┌────────
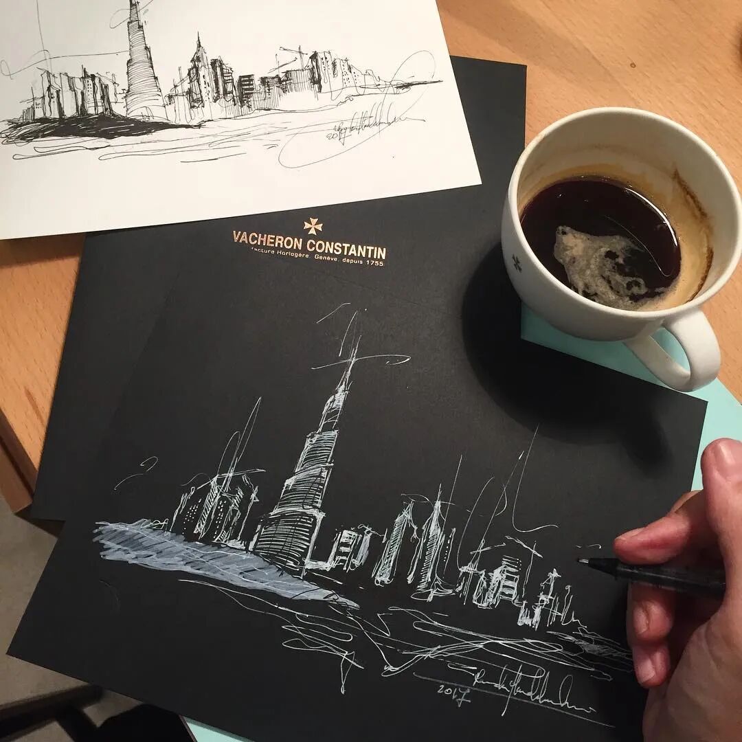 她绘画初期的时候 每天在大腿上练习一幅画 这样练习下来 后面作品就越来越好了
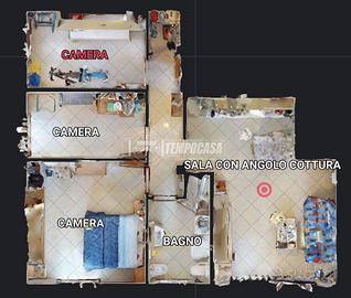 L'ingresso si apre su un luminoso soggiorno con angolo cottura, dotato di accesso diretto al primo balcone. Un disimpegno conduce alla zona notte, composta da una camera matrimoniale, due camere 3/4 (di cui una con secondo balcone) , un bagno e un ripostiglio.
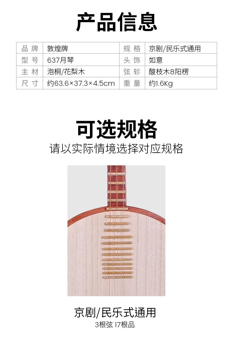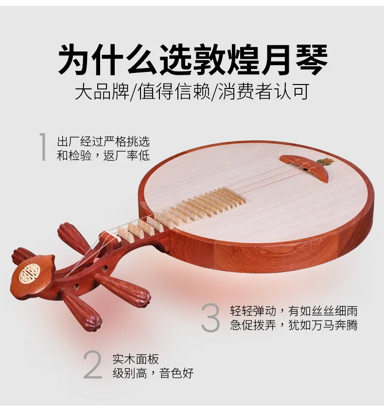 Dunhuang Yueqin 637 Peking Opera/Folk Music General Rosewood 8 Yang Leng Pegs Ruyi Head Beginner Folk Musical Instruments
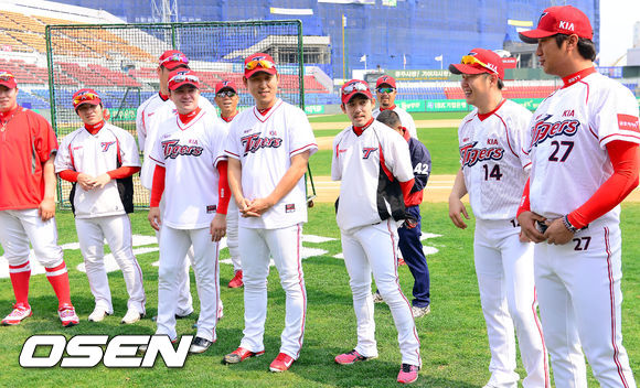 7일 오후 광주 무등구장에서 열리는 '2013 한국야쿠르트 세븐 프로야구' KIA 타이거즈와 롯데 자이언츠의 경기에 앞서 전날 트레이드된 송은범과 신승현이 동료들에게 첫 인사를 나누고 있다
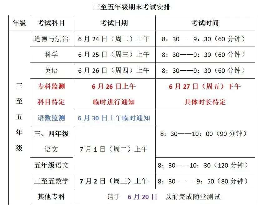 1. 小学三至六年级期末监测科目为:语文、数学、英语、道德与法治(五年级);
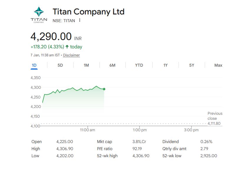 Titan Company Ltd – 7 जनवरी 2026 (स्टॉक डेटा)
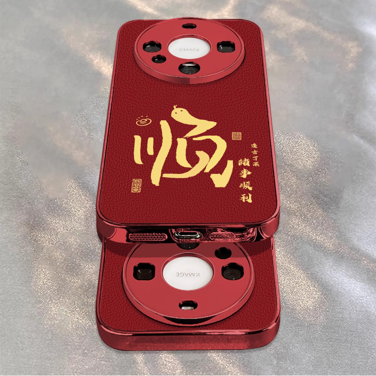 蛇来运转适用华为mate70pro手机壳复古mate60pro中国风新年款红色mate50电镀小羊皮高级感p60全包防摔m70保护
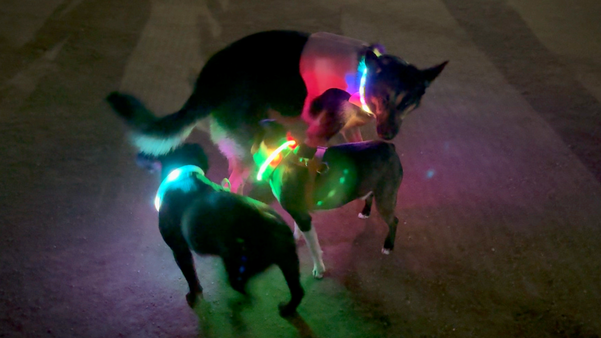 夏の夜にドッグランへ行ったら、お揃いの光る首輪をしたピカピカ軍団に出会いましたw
└────────
About this exercise: When restating the records word for word, omit any picture they contain.

Solved exercise:
 她绘画初期的时候 每天在大腿上练习一幅画 这样练习下来 后面作品就越来越好了
 L'ingresso si apre su un luminoso soggiorno con angolo cottura, dotato di accesso diretto al primo balcone. Un disimpegno conduce alla zona notte, composta da una camera matrimoniale, due camere 3/4 (di cui una con secondo balcone) , un bagno e un ripostiglio.
 Dunhuang Yueqin 637 Peking Opera/Folk Music General Rosewood 8 Yang Leng Pegs Ruyi Head Beginner Folk Musical Instruments
 7일 오후 광주 무등구장에서 열리는 '2013 한국야쿠르트 세븐 프로야구' KIA 타이거즈와 롯데 자이언츠의 경기에 앞서 전날 트레이드된 송은범과 신승현이 동료들에게 첫 인사를 나누고 있다
 1. 小学三至六年级期末监测科目为:语文、数学、英语、道德与法治(五年级);
 Titan Company Ltd – 7 जनवरी 2026 (स्टॉक डेटा)
 蛇来运转适用华为mate70pro手机壳复古mate60pro中国风新年款红色mate50电镀小羊皮高级感p60全包防摔m70保护
 夏の夜にドッグランへ行ったら、お揃いの光る首輪をしたピカピカ軍団に出会いましたw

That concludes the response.